◆ **Your instructions**: In the records below, find the line that contains "These young girls are dancing in Paraguay.". Retype that line and all the lines after it through the end, leaving out the pictures.

Records from a data collection
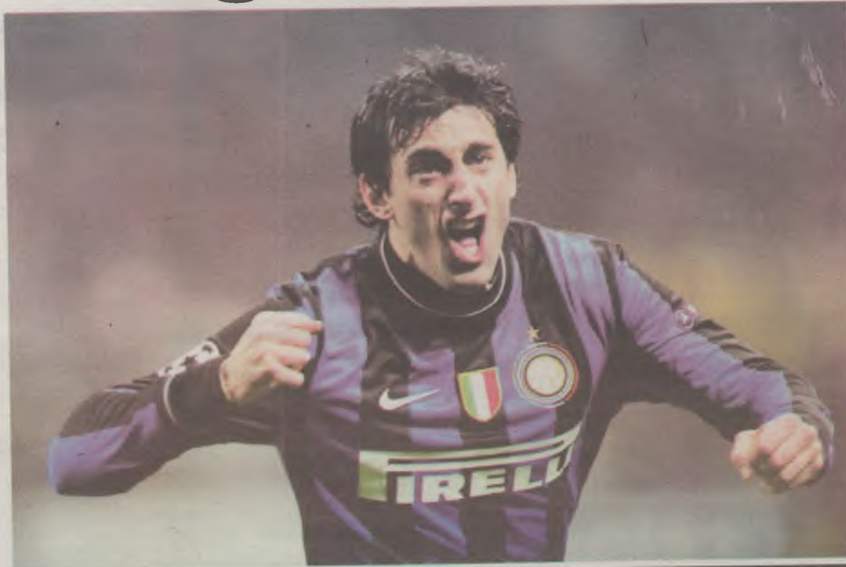
INTER Milan's Argentinian forward Alberto Milito celebrates after scoring the first goal against Chelsea during their UEFA Champions League second round, first leg match yesterday.

Chelsea started to threaten more and more.
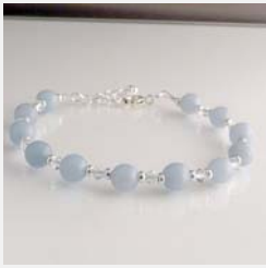
STS Angelite and Swarovski 7 - 8.5" Bracelet 11g weight ASSBASW
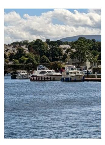
On Lough Derg approaching Killaloe
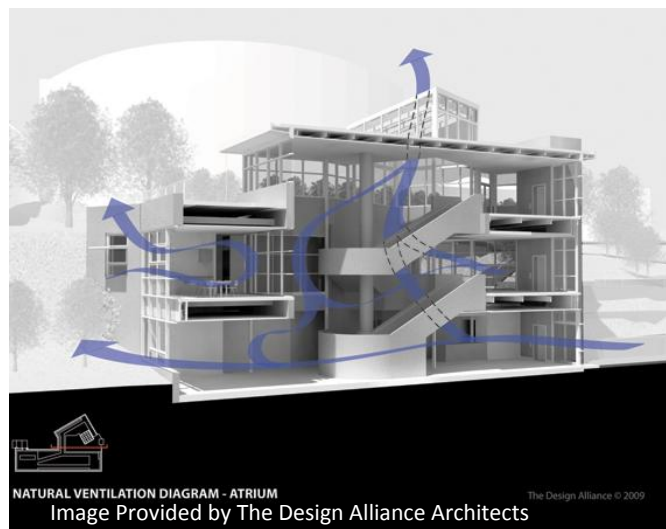
Figure 2 – Building section explaining the natural ventilation of the passively designed atrium.
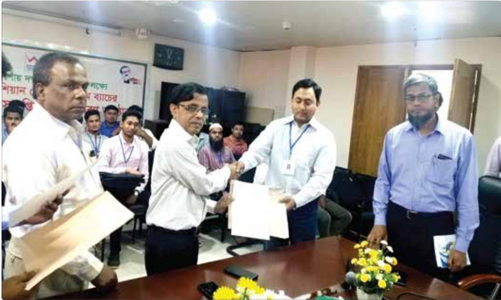
NWPGCL gave away certificates to the trainee of 1 st Batch after successful completion of 'Electrician Training Course' at Khulna 225 MW Combined Cycle Power Plant
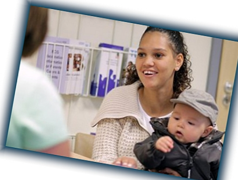
Building 'better outcomes' into services

Newham Clinical Commissioning Group (CCG) has indicated the need to have the Community Health Services (CHS) contract in Newham taken through a procurement process, in line with its commissioning intentions. The procurement of Community Health Services is a major opportunity for the CCG and its partners to deliver the integrated care programme by shifting focus to outcomes based commissioning.
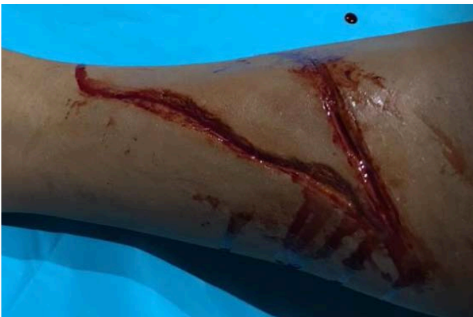
Wound 23: 3 inch and 5 inch slash wound
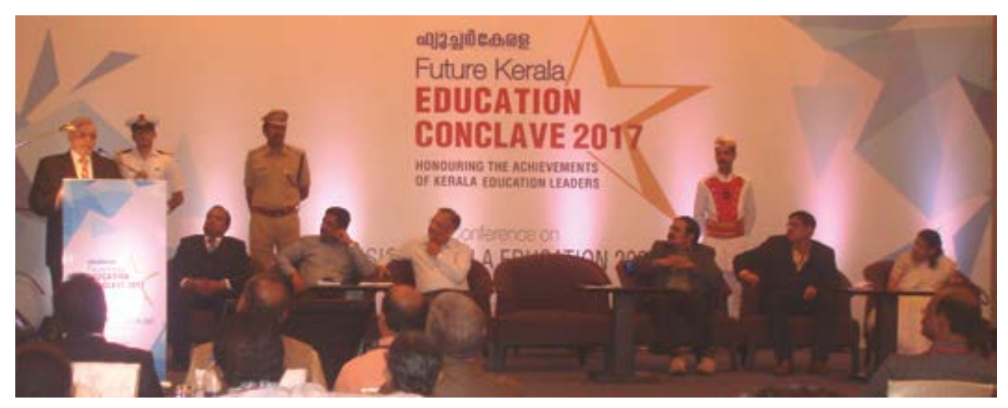
The Honourable Governor of Kerala, Shri Justice (Retd) P Sathasivam, delivering his address

education environment is constantly changing, and using the present technology we can revamp our education sector. We have to promote, help and fulfil a commitment to build world-class educational institutions across the state, keeping up with the international standards."
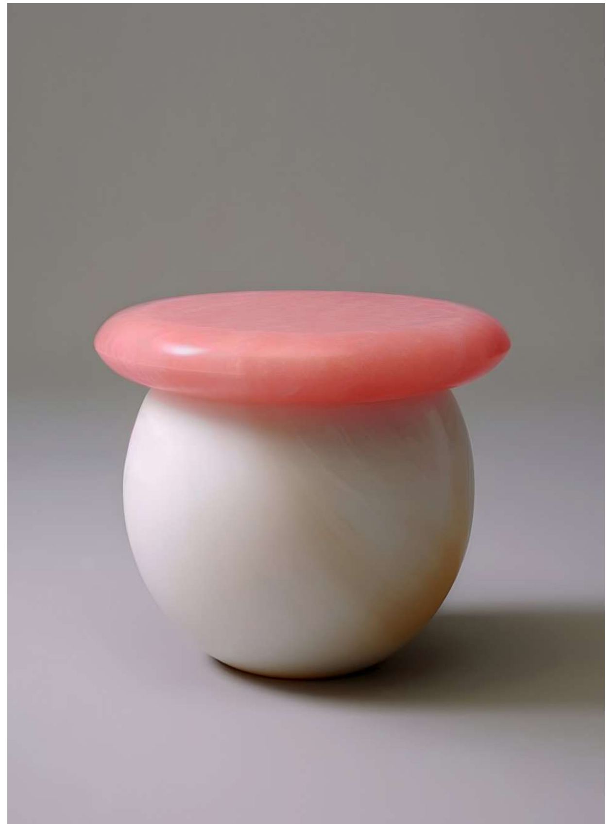
"LE CHOU À LA CRÈME" SIDE TABLE
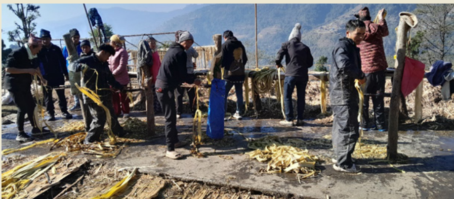
Processing of the plant

The new banknotes not only signify a step forward in sustainable resource utilization but also symbolize the strengthening of ties between Japan and Nepal. As these banknotes enter circulation, they will carry with them a story of international cooperation and the positive impact of sustainable development on local communities.
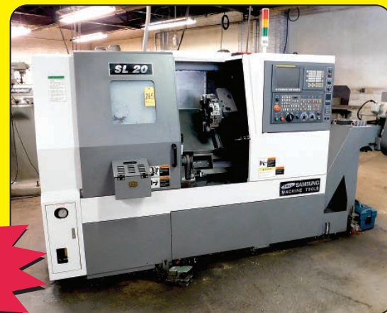
Samsung SL-20 CNC Turning Center
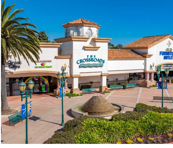
WELCOME TO SANTA MARIA
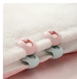
Quilt Fixing Clip Mini Anti-Slip... US $1.25
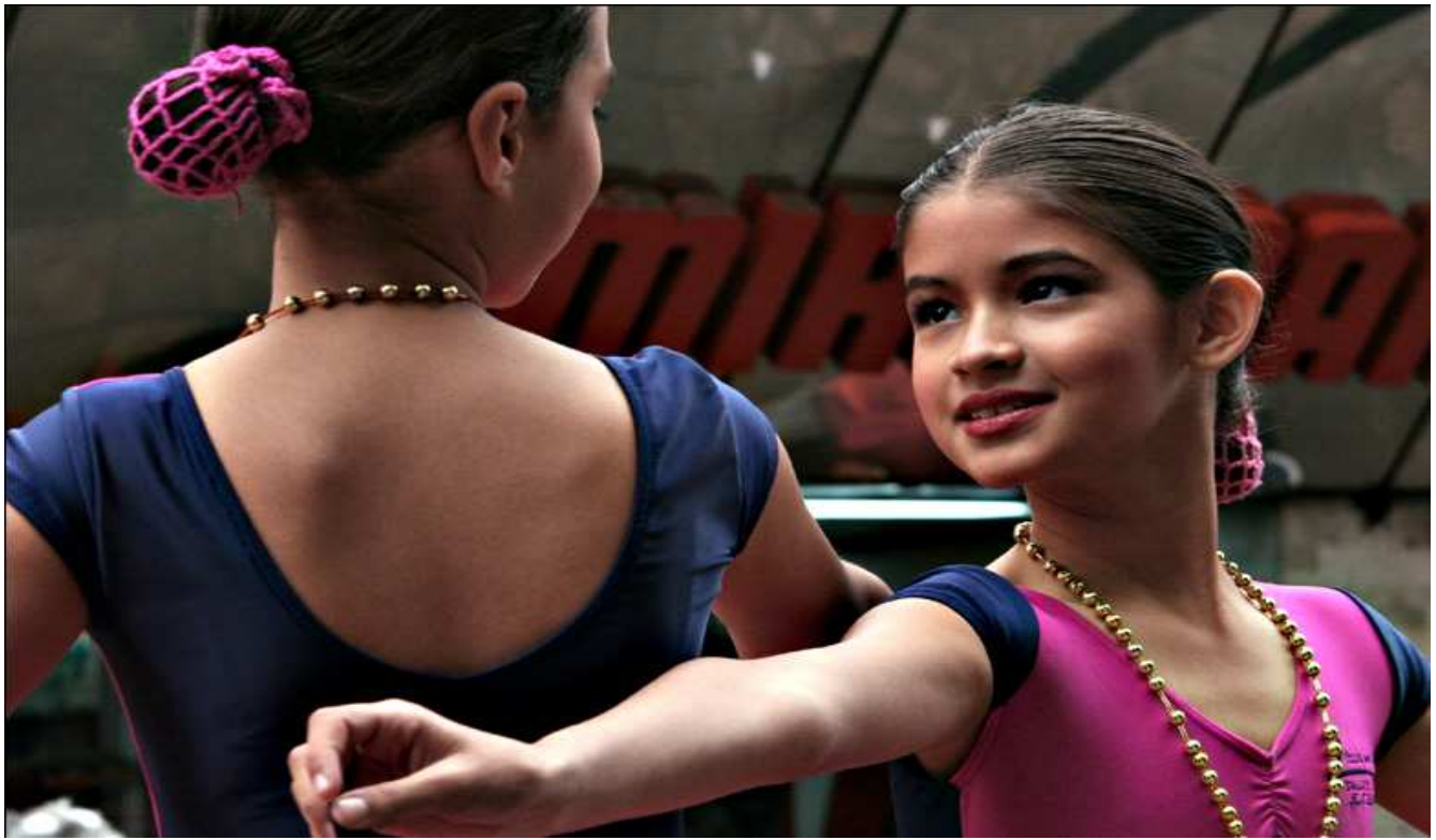
These young girls are dancing in Paraguay.
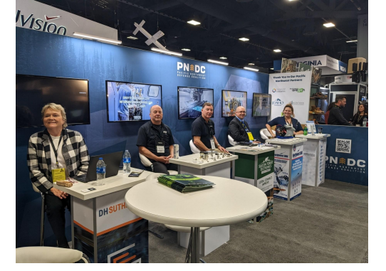
AUSA Annual Meeting October 9th - 11th, 2023 Last Spot Remaining!

Share a booth with PNDC at the Association of the United States Army's Annual Meeting and expand your outreach and connections with military and security advisors from across the globe. We have tripled our space since last year to have 600 sq. ft. Register today to guarantee yourself the last spot remaining.

◆ **Answer for the task**:
These young girls are dancing in Paraguay.
AUSA Annual Meeting October 9th - 11th, 2023 Last Spot Remaining!

Share a booth with PNDC at the Association of the United States Army's Annual Meeting and expand your outreach and connections with military and security advisors from across the globe. We have tripled our space since last year to have 600 sq. ft. Register today to guarantee yourself the last spot remaining.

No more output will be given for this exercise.